Village in Oakland County, Michigan, United States

Holly is a village in north Oakland County, Michigan, United States. The population was 5,997 at the 2020 census. The village is located within Holly Township. It is about 15 mi south of Flint and 55 mi northwest of Detroit.

==Geography==
According to the United States Census Bureau, the village has a total area of 3.04 sqmi, of which 2.76 sqmi (90.79%) is land and 0.28 sqmi (9.21%) is water.

==Demographics==

Historical population
| Census | Pop. | Note | %± |
| 1860 | 542 |  | — |
| 1870 | 1,429 |  | 163.7% |
| 1880 | 1,443 |  | 1.0% |
| 1890 | 1,266 |  | −12.3% |
| 1900 | 1,419 |  | 12.1% |
| 1910 | 1,537 |  | 8.3% |
| 1920 | 1,888 |  | 22.8% |
| 1930 | 2,252 |  | 19.3% |
| 1940 | 2,343 |  | 4.0% |
| 1950 | 2,663 |  | 13.7% |
| 1960 | 3,269 |  | 22.8% |
| 1970 | 4,355 |  | 33.2% |
| 1980 | 4,874 |  | 11.9% |
| 1990 | 5,595 |  | 14.8% |
| 2000 | 6,135 |  | 9.7% |
| 2010 | 6,086 |  | −0.8% |
| 2020 | 5,997 |  | −1.5% |
U.S. Decennial Census

===2020 census===
As of the 2020 census, Holly had a population of 5,997. There were 2,534 households, including 1,514 family households, in the village. The median age was 38.8 years. 22.2% of residents were under the age of 18 and 16.0% of residents were 65 years of age or older. For every 100 females there were 95.5 males, and for every 100 females age 18 and over there were 92.1 males age 18 and over.

98.9% of residents lived in urban areas, while 1.1% lived in rural areas.

Of all households, 28.7% had children under the age of 18 living in them. 40.6% were married-couple households, 20.8% were households with a male householder and no spouse or partner present, and 29.8% were households with a female householder and no spouse or partner present. About 32.2% of all households were made up of individuals, and 13.7% had someone living alone who was 65 years of age or older.

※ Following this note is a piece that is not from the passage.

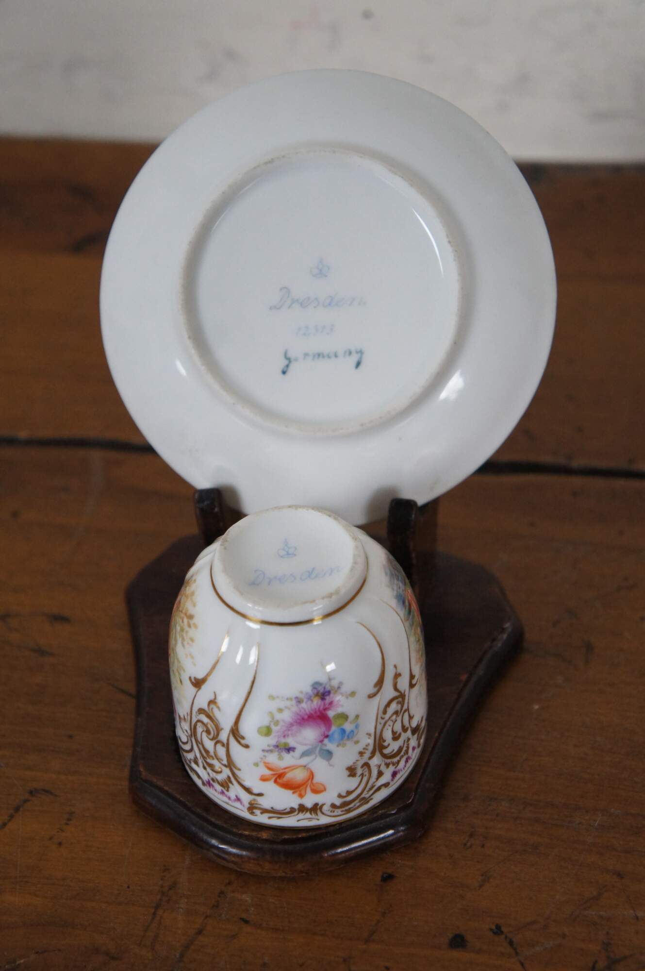 Marked 12373. Includes wooden display stand.

There were 2,683 housing units, of which 5.6% were vacant. The homeowner vacancy rate was 1.0% and the rental vacancy rate was 7.5%.

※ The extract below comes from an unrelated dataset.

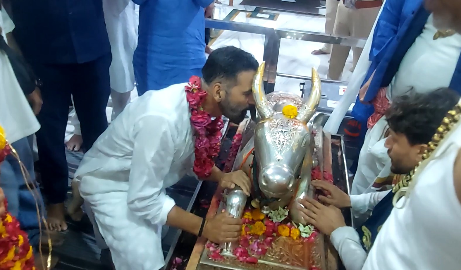 Akshay Kumar Mahakaleshwar Temple Visit Highlights Jal Abhishek Ritual as Actor Prays in White Kurta-Pyjama

Racial composition as of the 2020 census
| Race | Number | Percent |
|---|---|---|
| White | 5,425 | 90.5% |
| Black or African American | 87 | 1.5% |
| American Indian and Alaska Native | 21 | 0.4% |
| Asian | 24 | 0.4% |
| Native Hawaiian and Other Pacific Islander | 0 | 0.0% |
| Some other race | 35 | 0.6% |
| Two or more races | 405 | 6.8% |
| Hispanic or Latino (of any race) | 263 | 4.4% |

===2010 census===
As of the census of 2010, there were 6,086 people, 2,453 households, and 1,538 families living in the village. The population density was 2205.1 PD/sqmi. There were 2,703 housing units at an average density of 979.3 /sqmi. The racial makeup of the village was 95.0% White, 1.2% African American, 0.6% Native American, 0.6% Asian, 0.8% from other races, and 1.9% from two or more races. Hispanic or Latino of any race were 3.6% of the population.

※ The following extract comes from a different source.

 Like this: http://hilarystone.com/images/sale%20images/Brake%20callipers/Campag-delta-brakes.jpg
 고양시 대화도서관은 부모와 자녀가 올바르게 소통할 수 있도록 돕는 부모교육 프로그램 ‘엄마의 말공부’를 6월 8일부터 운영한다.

There were 2,453 households, of which 34.5% had children under the age of 18 living with them, 43.7% were married couples living together, 13.1% had a female householder with no husband present, 5.9% had a male householder with no wife present, and 37.3% were non-families. 30.9% of all households were made up of individuals, and 12.9% had someone living alone who was 65 years of age or older. The average household size was 2.45 and the average family size was 3.09.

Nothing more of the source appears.